Skip to main content

Make HTTP requests exactly like a browser.

Project description

Stay Undetected While Scraping the Web.

The All-In-One Solution to Web Scraping:

  • Realistic HTTP Requests:
    • Mimics browser headers for undetected scraping, adapting to the requested file type
    • Tracks dynamic headers such as Referer and Host
    • Masks the TLS fingerprint of HTTP requests using the curl_cffi package
  • Faster and Easier Parsing:
    • Automatically extracts metadata (title, description, author, etc.) from HTML-based responses
    • Methods to extract all webpage and image URLs
    • Seamlessly converts responses into Lxml and BeautifulSoup objects

Install

$ pip install stealth_requests

Sending Requests

Stealth-Requests mimics the API of the requests package, allowing you to use it in nearly the same way.

You can send one-off requests like such:

import stealth_requests as requests

resp = requests.get('https://link-here.com')

Or you can use a StealthSession object which will keep track of certain headers for you between requests such as the Referer header.

from stealth_requests import StealthSession

with StealthSession() as session:
    resp = session.get('https://link-here.com')

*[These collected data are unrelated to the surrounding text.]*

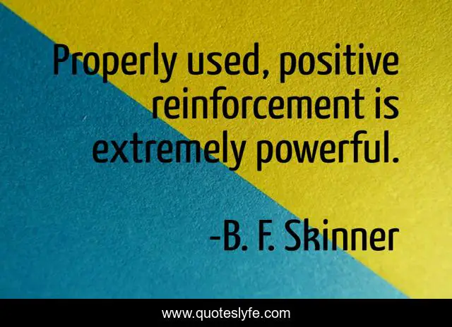 This page presents the quote "Properly used, positive reinforcement is extremely powerful.". Author of this quote is B. F. Skinner. This quote is about properly, powerful, used,.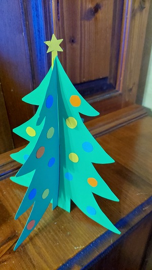 Wenn du keinen grünen Karton genommen hast, kannst du nun deine Bäume anmalen. Schneide nun den einen Tannenbaum in der Mitte von oben bis über die Hälfte hinaus ein. Den anderen Tannenbaum schneidest du von unten bis über die Hälfte hinaus in der Mitte ein. Stecke nun die beiden Tannenbäume ineinander. Dadurch kannst Du die Tanne aufstellen.
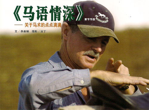 編輯手記: 如果馬術(shù)僅指為馬的技術(shù),那就仿佛數(shù)學(xué)僅指為數(shù)字的游戲了,顯然,并非僅此而已。感知讓我們認(rèn)識到事物的外延通常指向的是人生的哲學(xué)、終極的藝術(shù)。 在馬的技術(shù)層面上,對生活態(tài)度、工作技能的辨證思考,使《馬語情深》這本書并不執(zhí)著于教會你諸如“1+1=2”,而更多的在于引領(lǐng)你思考和處理多種關(guān)系,并且是藝術(shù)的處理關(guān)系,這是一種大和諧。因而,關(guān)于馬術(shù)的點(diǎn)點(diǎn)滴滴也就由此而來。 引言 騎馬有些年頭了。自從1990年開始第一次野外騎乘,到現(xiàn)在迷戀場地馬術(shù)的過程中,有一些切身的體會和感悟,在此愿意和善歡馬的朋友們分享。我想很多朋友可能都會和我有著相同的經(jīng)歷和感受。 最初喜歡騎馬是因?yàn)?,面對無垠的曠野,伴著碧草藍(lán)天,策馬揚(yáng)鞭,飛速馳騁在大自然當(dāng)中,感覺是何等的自由奔放。久在城市生活的人,難得有機(jī)會全身心地融入到真正的大自然中去,所以每一次騎乘都是盡情地享受馬兒帶給我的速度和激情。 隨著騎馬次數(shù)的增加,時(shí)時(shí)會碰到很多問題。比如,滾鞍落馬、快馬停不住、慢馬騎不走、你想往東,馬卻往西等等……在遇到不同的馬匹時(shí)也不是每一次都能盡興而歸,因?yàn)橛械鸟R聽話,有的馬不聽話。碰上那時(shí)認(rèn)為的所謂的烈馬,會更難駕馭,而且騎完后有時(shí)會覺得腰酸背痛,甚至是對自己的身體造成傷害。所以,件著諸如此類的問題,自己開始和馬友們相互切磋、琢磨、研究,就想找一位好老師,認(rèn)真地學(xué)習(xí)一下騎術(shù),以便能讓自己了解其中的奧秘,從而真正地學(xué)會騎馬。在這期間,我確實(shí)走了不少彎路。 接下來的過程是:從一年騎幾次馬,到一星期騎一次,再到周末兩天都在馬揚(yáng),直至現(xiàn)在的一周騎4~5次。場所也從野外到馬術(shù)俱樂部,從戶外騎乘俱樂部到場地馬術(shù)俱樂部。期間,自己對騎馬的觀念和認(rèn)識有了很大的改變,而且對馬術(shù)運(yùn)動也有了更深的理解。在此想引用一位43歲、有38年騎馬經(jīng)驗(yàn)的德國舞步教練的話來說明馬術(shù)運(yùn)動的美妙:“這是我的生活,一種完美的生活?。↖t's my life, perfect life.)” 這位舞步教練為什么會這樣講?簡單的騎馬為什么被她提高到了生活的高度?果真如比嗎?答案是肯定的!馬術(shù),就像我們的生活。它是一項(xiàng)很美的運(yùn)動,它積極、健康、充滿陽光。它隱含著人生哲理,深入淺出,魅力無窮!通過對馬術(shù)的學(xué)習(xí)會讓人身心受益,因?yàn)樗宋覀兩钪刑嗟牡览?,這也就是其中的奧妙所在。 人是有思想的,每次訓(xùn)練后我都會聯(lián)想到很多事情,從而在學(xué)習(xí)馬術(shù)的過程中學(xué)會許多做人的道理。世上的道理是相通的,正所謂殊途同歸。其實(shí)通過對馬術(shù)的學(xué)習(xí),學(xué)到的是馬術(shù)之外的東西。所以,喜愛騎馬的朋友在習(xí)馬的過程中肯定都能或多或少地體會到馬術(shù)與我們生活之間的聯(lián)系。 文中所有對騎乘方法的理解和對生活的感受僅代表個人觀點(diǎn),如有語言表達(dá)方式欠妥或不恭之處,敬請朋友們原諒。 片段節(jié)選1 感謝,給予(珍貴的收獲) 曾有幾天一直和來自澳大利亞的兩位40多歲的馬術(shù)前輩在一起,一位是馬場主克莉斯汀女士,另一位是馬術(shù)職業(yè)教練杰夫先生。通過杰夫單獨(dú)給我上的一堂馬術(shù)課和觀看他們的馴野馬表演使我受益匪淺,收獲良多。 杰夫先生是我所親眼見過的第一位真正的“馬語者”,他給我上的那節(jié)課主要教的就是學(xué)會感謝,學(xué)會給予。在與馬溝通、讓馬受銜工作時(shí),一定要學(xué)會:當(dāng)馬匹按照你的要求做對動作時(shí),一定要適時(shí)地給韁,給它一些自由的空間,那樣它會很舒服,會很自愿地去受銜。給韁是獎勵馬,是對馬表示感謝的意思。當(dāng)它做錯誤的動作時(shí),要立即用韁繩提醒它,當(dāng)它做對時(shí),馬上再次獎勵它,謝謝它。通過多次的練習(xí),讓馬自己明白什么是對的,最終達(dá)到馬是自愿地、主動地、放松地去做正確的動作,而騎手的工作只是在適當(dāng)?shù)臅r(shí)候提醒馬,獎勵馬,與馬匹輕松地自然地、和諧地一起工作。杰夫常說的幾句話:When he gives and you give."Give"means thank you,you always say thank you to him and reward him, so after many many times he will know what is the right things to do.當(dāng)它給你的時(shí)候你就給它。給是感謝和獎勵的意思,你經(jīng)常感謝并獎勵它,經(jīng)過多次的練習(xí)以后,它就會知道如何去做正確的事情。 人與馬如此,人與人亦然。 懂得感謝和給予的人最快樂!生活中的“智者”都明白一個道理,有舍才有得。小舍小得,大舍大得,不舍不得!能夠給予是福、是驕傲、是自豪! 有一則關(guān)于“付出、給予和接受、索取”的小寓言,很有意思。 上帝對兩個將要投胎轉(zhuǎn)世的甲和乙說:“你們兩個前世未作大惡準(zhǔn)許投胎為人,但是現(xiàn)在世上只有兩種人可供選擇,付出的人和索取的人。也就是說,你們倆,一個必須過不斷地付出、不斷地給予的人生,而另一個則必須過不斷地接受、不斷地索取的人生。自己慎重選擇吧。 甲暗想,“不斷地付出、不斷地給予的人生”一定會很累、

When sending a request, or creating a StealthSession, you can specify the type of browser that you want the request to mimic - either chrome, which is the default, or safari. If you want to change which browser to mimic, set the impersonate argument, either in requests.get or when initializing StealthSession to safari or chrome.

Sending Requests With Asyncio

This package supports Asyncio in the same way as the requests package:

from stealth_requests import AsyncStealthSession

async with AsyncStealthSession(impersonate='safari') as session:
    resp = await session.get('https://link-here.com')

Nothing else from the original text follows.